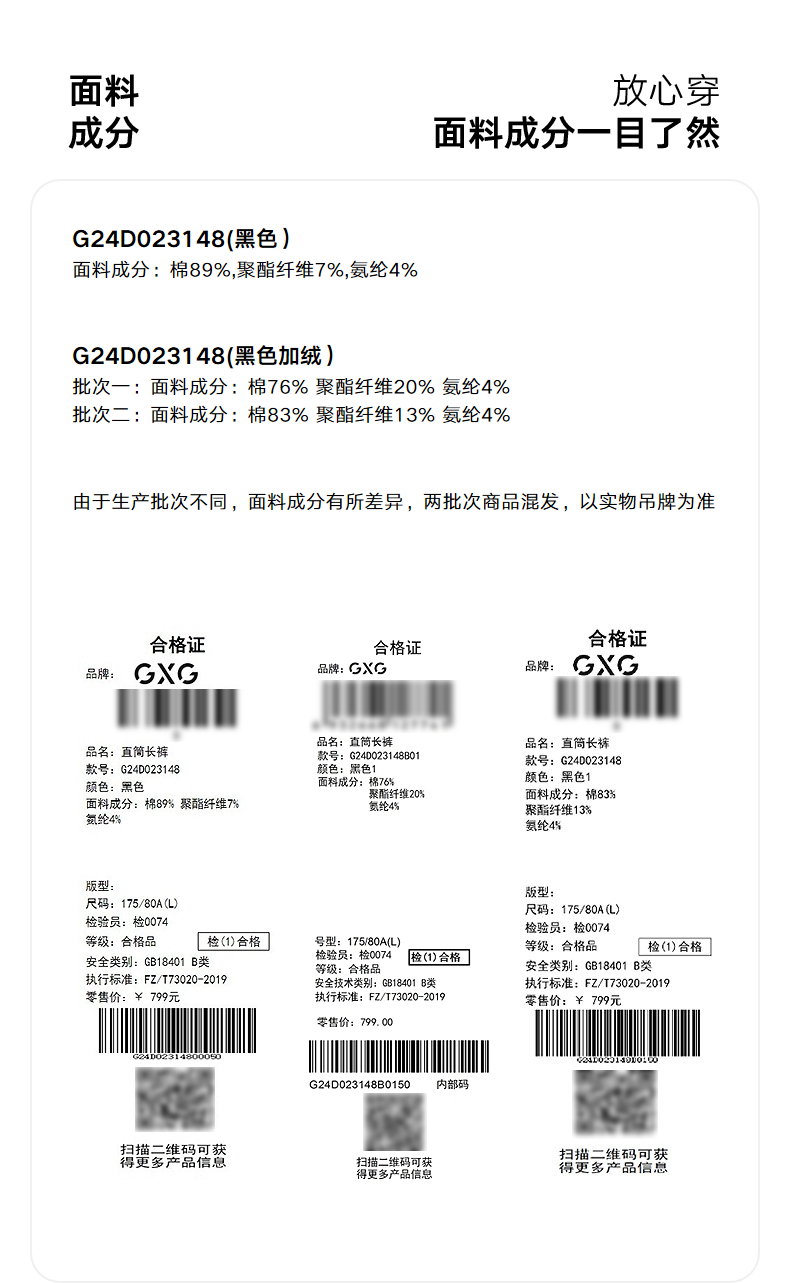 GXG男装 2024年秋季热卖基础休闲直筒卫裤休闲裤长裤男#G24D023148
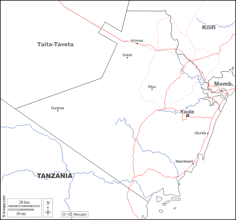 d-maps > Afrika > Kenia > Kwale County > Grenzen, Hydrografie, Wichtige Städte, Straßen, Namen, weiß
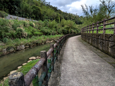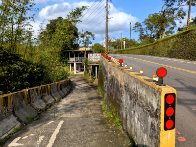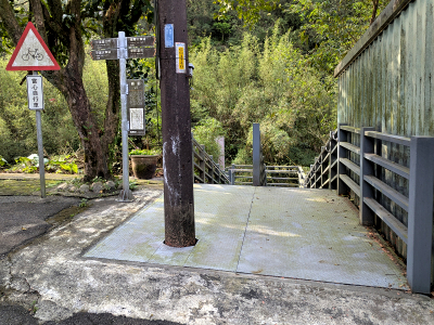 嶺腳自行車道接近嶺腳終點處,需透過階梯推上到嶺腳台車道,這設計有點不合乎無障礙要求,若是身障者就只能回頭,應該是要做一個平緩斜坡道才對。
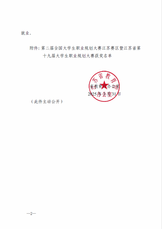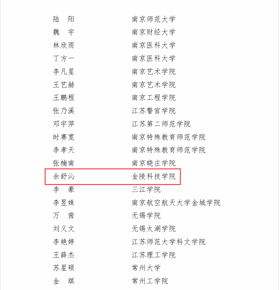 3月2日,在江苏省教育厅组织开展的第二届全国大学生职业规划大赛(江苏赛区)暨江苏省第十九届大学生职业规划大赛中,我校软件工程学院的余舒沁、建筑工程学院的涂立群同学分别获得就业赛道高教本科生组、成长赛道高教组铜奖。
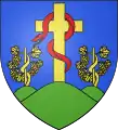 D'or à la croix de Lorraine de gueules accostée de deux serpents affrontés posés en chevron renversé du même. |
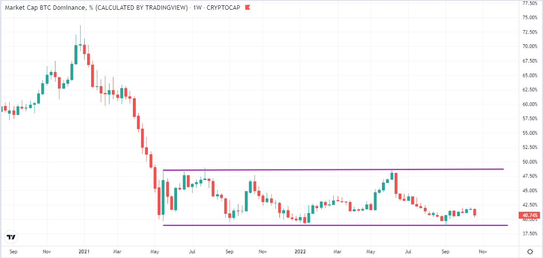 Dominanta BTC in totalul de piata a activelor digitale a scazut catre zona de 40%, intr-o saptamana in care altcoinurile au tinut capul de afis pe piata crypto.
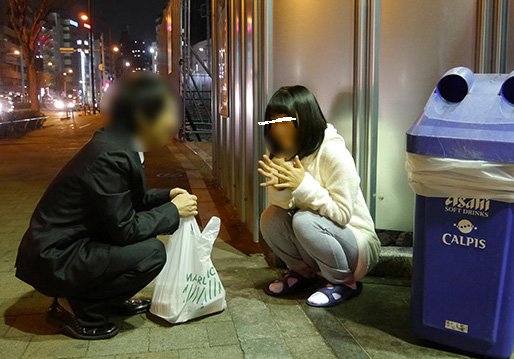 深夜0時過ぎに繁華街の雑居ビルの前でパジャマ姿で座り込んでいたJ系に声をかけてみたら泊まりで遊びに来ていた友達とケンカして家に帰れない状況だったそうです。
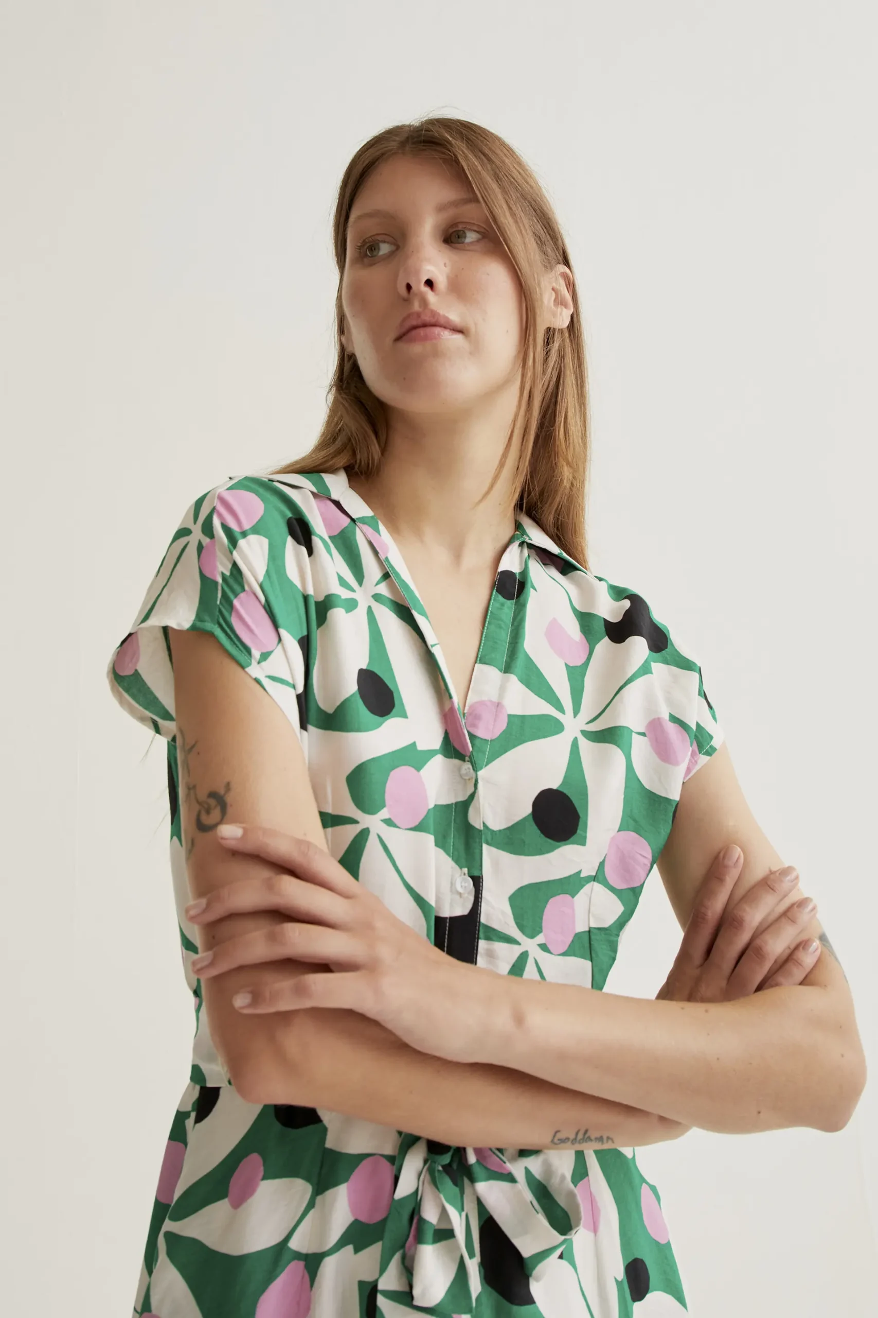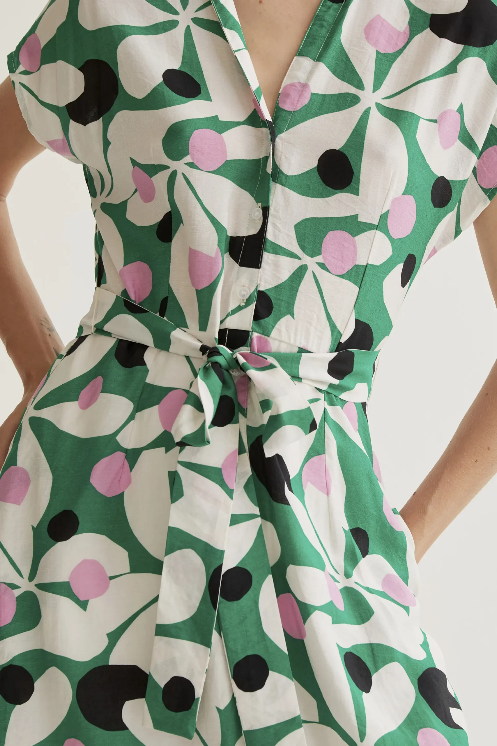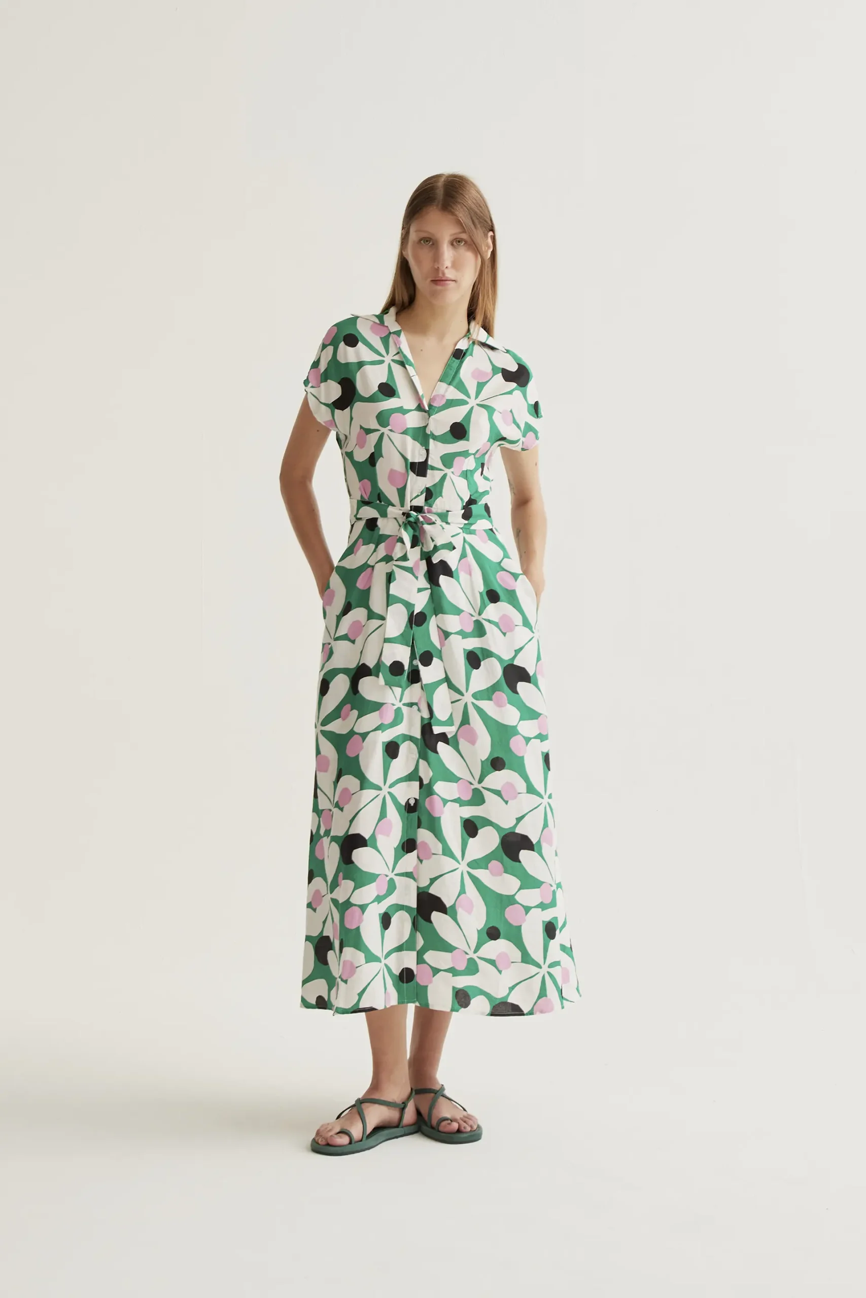 Vestido largo de tejido crepé ligero con estampado hosta. Cuello solapa y escote pico. Manga corta. Cierre frontal con botones blancos. Cintura lazada. Bolsillos laterales.Forro interior. La modelo mide 177 cm y lleva la talla S.
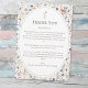 Este doce cartão de agradecimento floral é para um evento de chá de bebê, com o tema 'Novo capítulo'. O cartão apresenta ilustrações ao fundo de flores silvestres da primavera em cores suaves. Fonte de estilo de texto inglês antigo clássico para um sentimento de livros de ilustração infantil antigos.
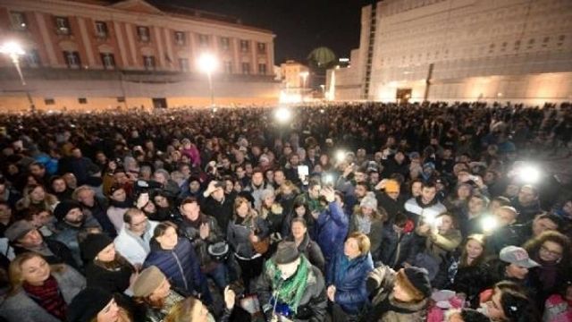 I cellulari illuminano la piazza - dove è intervenuto anche il sindaco - ma c'è anche chi ha acceso delle candele. "Non conoscono limiti di anni le sue canzoni" dice una donna di 58 anni che racconta di aver seguito il cantante fin dai primi passi. La piazza intonano anche altri brani famosi come "Nero a metà".
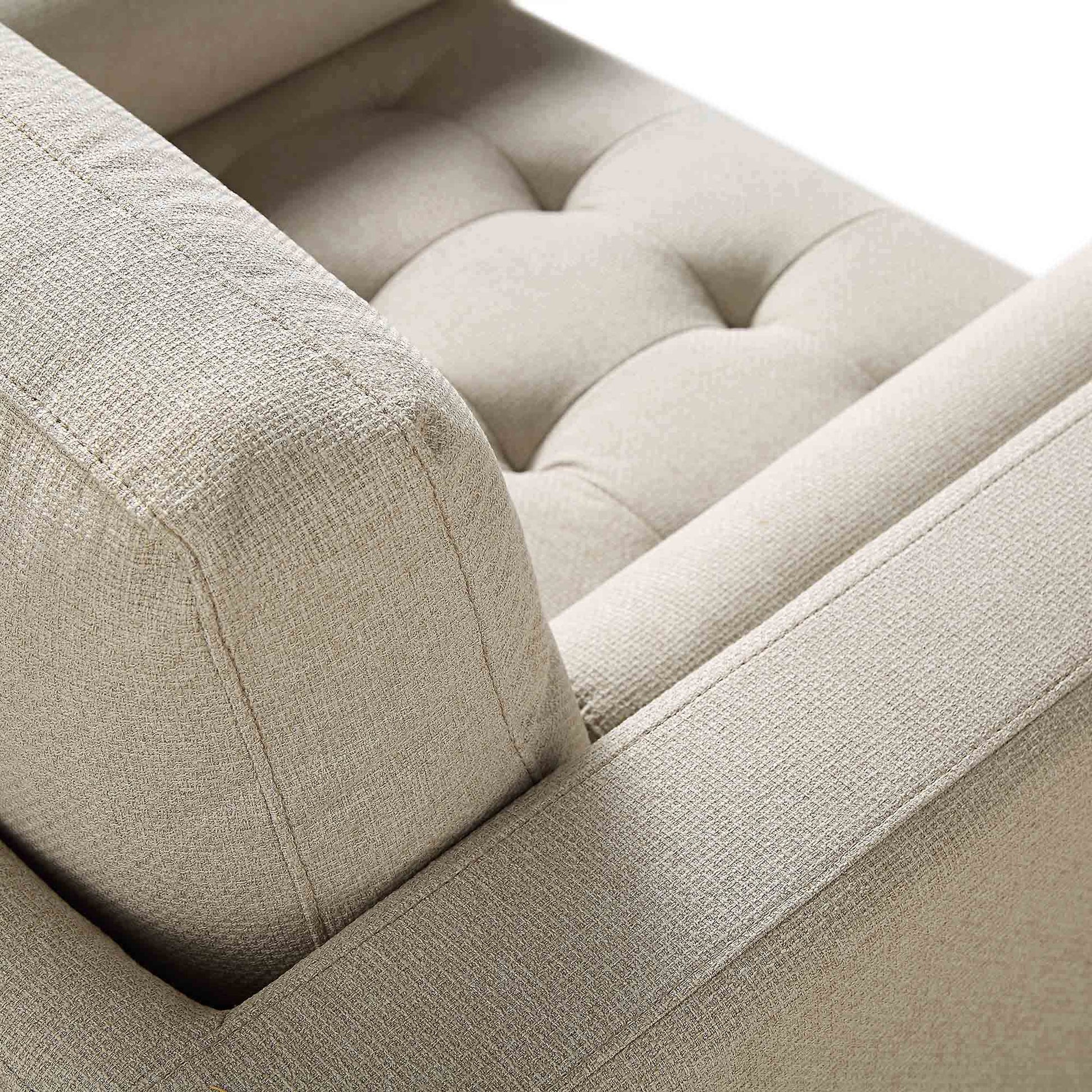 - Recouvert d'un beau tissu tissé beige facile à assortir à n'importe quel décor, assorti à des pieds en bois massif avec une finition teintée couleur noyer.
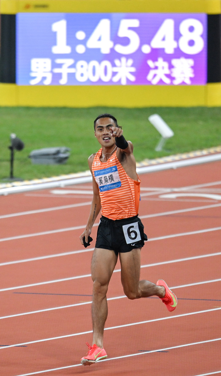 起跑奚枭横步频稳健地迅速切入内道,凭借出色的卡位意识始选择紧跟在前几名之后,前400米他稳稳控制自己的位置,后400米赛道竞争骤然白热化,选手相继提速发起冲击,奚枭横加大步幅上演连续超越,在最后时刻逆转对手冲过终点线,计时器定格在1分45秒48,奚枭横刷新了个人最好成绩并打破全国纪录夺金,成为本届全运会田径赛场诞生的首个全国纪录获得者。
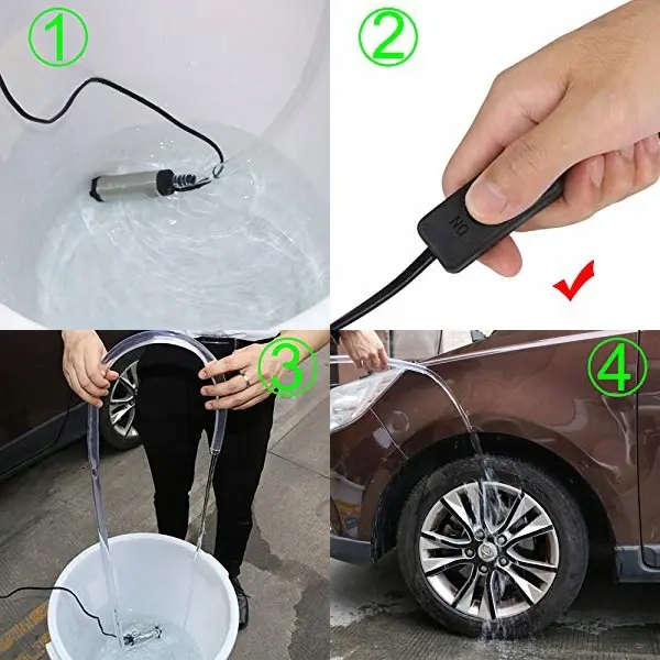 Ta mini črpalka je idealno orodje za odvajanje vode ali dizelskega olja. Da bi to naredili, je črpalka potopljena v tekočino, tako da je dno črpalke popolnoma obdano s tekočino.
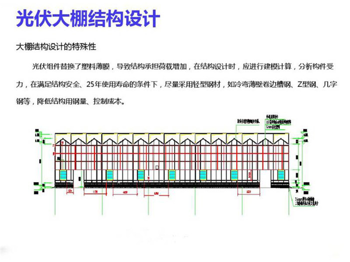 光伏農業大棚是集太陽能光伏發電、智能溫控系統、現代高科技種植為一體的溫室大棚,大棚采用鋼制骨架,上覆蓋太陽能光伏組件,同時保證太陽能光伏發電和整個溫室大棚農作物的采光需求。太陽能光伏所發電量,可以支持大棚的灌溉系統,對植物進行補光、解決溫室大棚冬季供暖需求,提高大棚溫度,促使農作物快速生長。
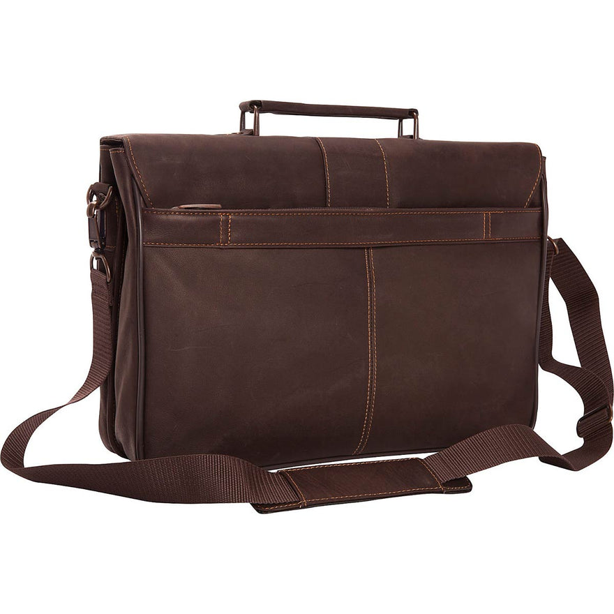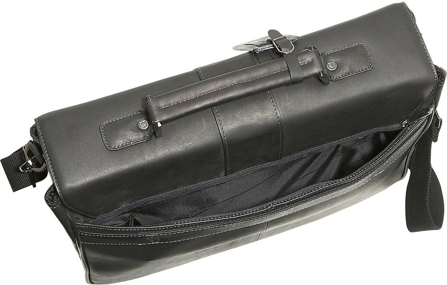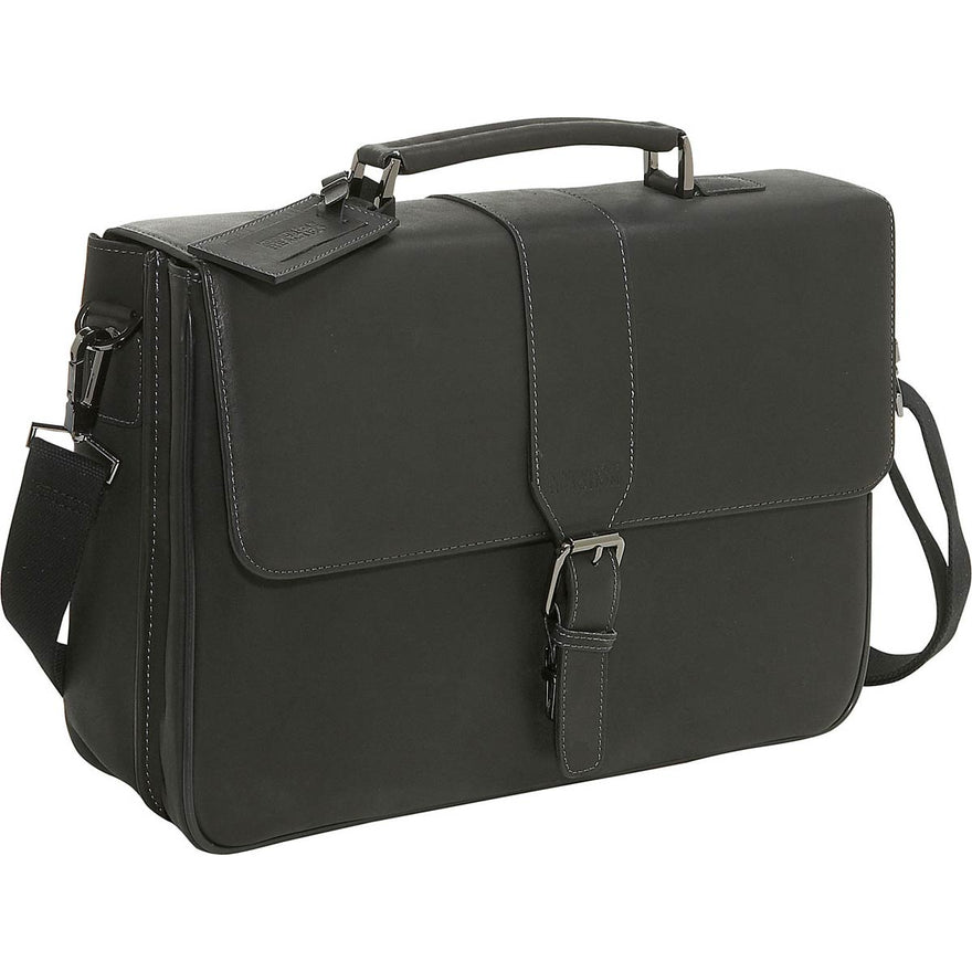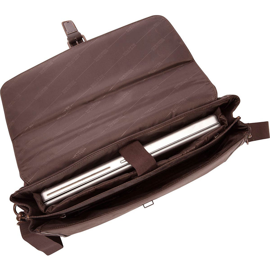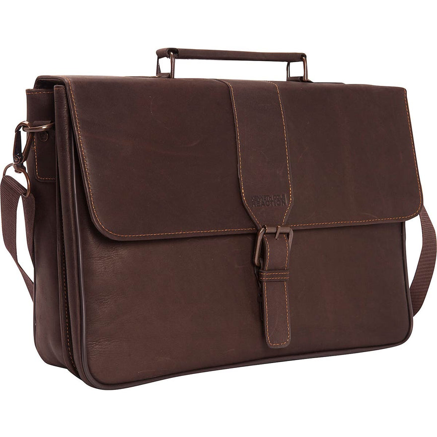 Keep your laptop computer well-protected and your other business essentials stylishly stowed and neatly organized while you're on-the-go in the Kenneth Cole Reaction Till Death Do Us Port Leather Laptop Briefcase. This soft, smooth, supple, and luxurious full-grain cowhide leather mobile office features double gusset, flapover construction and a sturdy, structured shape. It has a secure Velcro closure with buckle detail, and it contains a padded laptop computer compartment; a file compartment; and an organizational panel with pen loops, credit card slots, and a cell phone slide pocket. The Kenneth Cole Reaction Till Death Do Us Port Leather Laptop Briefcase comes with both a top handle and a padded, adjustable shoulder strap for carrying comfort and versatility.
================
PROBLEM
Pictures stay out. Return exactly the lines from the one with "光伏農業大棚是集太陽能光伏發" through the last line of the data.

ANSWER TO THIS TASK
 光伏農業大棚是集太陽能光伏發電、智能溫控系統、現代高科技種植為一體的溫室大棚,大棚采用鋼制骨架,上覆蓋太陽能光伏組件,同時保證太陽能光伏發電和整個溫室大棚農作物的采光需求。太陽能光伏所發電量,可以支持大棚的灌溉系統,對植物進行補光、解決溫室大棚冬季供暖需求,提高大棚溫度,促使農作物快速生長。
 Keep your laptop computer well-protected and your other business essentials stylishly stowed and neatly organized while you're on-the-go in the Kenneth Cole Reaction Till Death Do Us Port Leather Laptop Briefcase. This soft, smooth, supple, and luxurious full-grain cowhide leather mobile office features double gusset, flapover construction and a sturdy, structured shape. It has a secure Velcro closure with buckle detail, and it contains a padded laptop computer compartment; a file compartment; and an organizational panel with pen loops, credit card slots, and a cell phone slide pocket. The Kenneth Cole Reaction Till Death Do Us Port Leather Laptop Briefcase comes with both a top handle and a padded, adjustable shoulder strap for carrying comfort and versatility.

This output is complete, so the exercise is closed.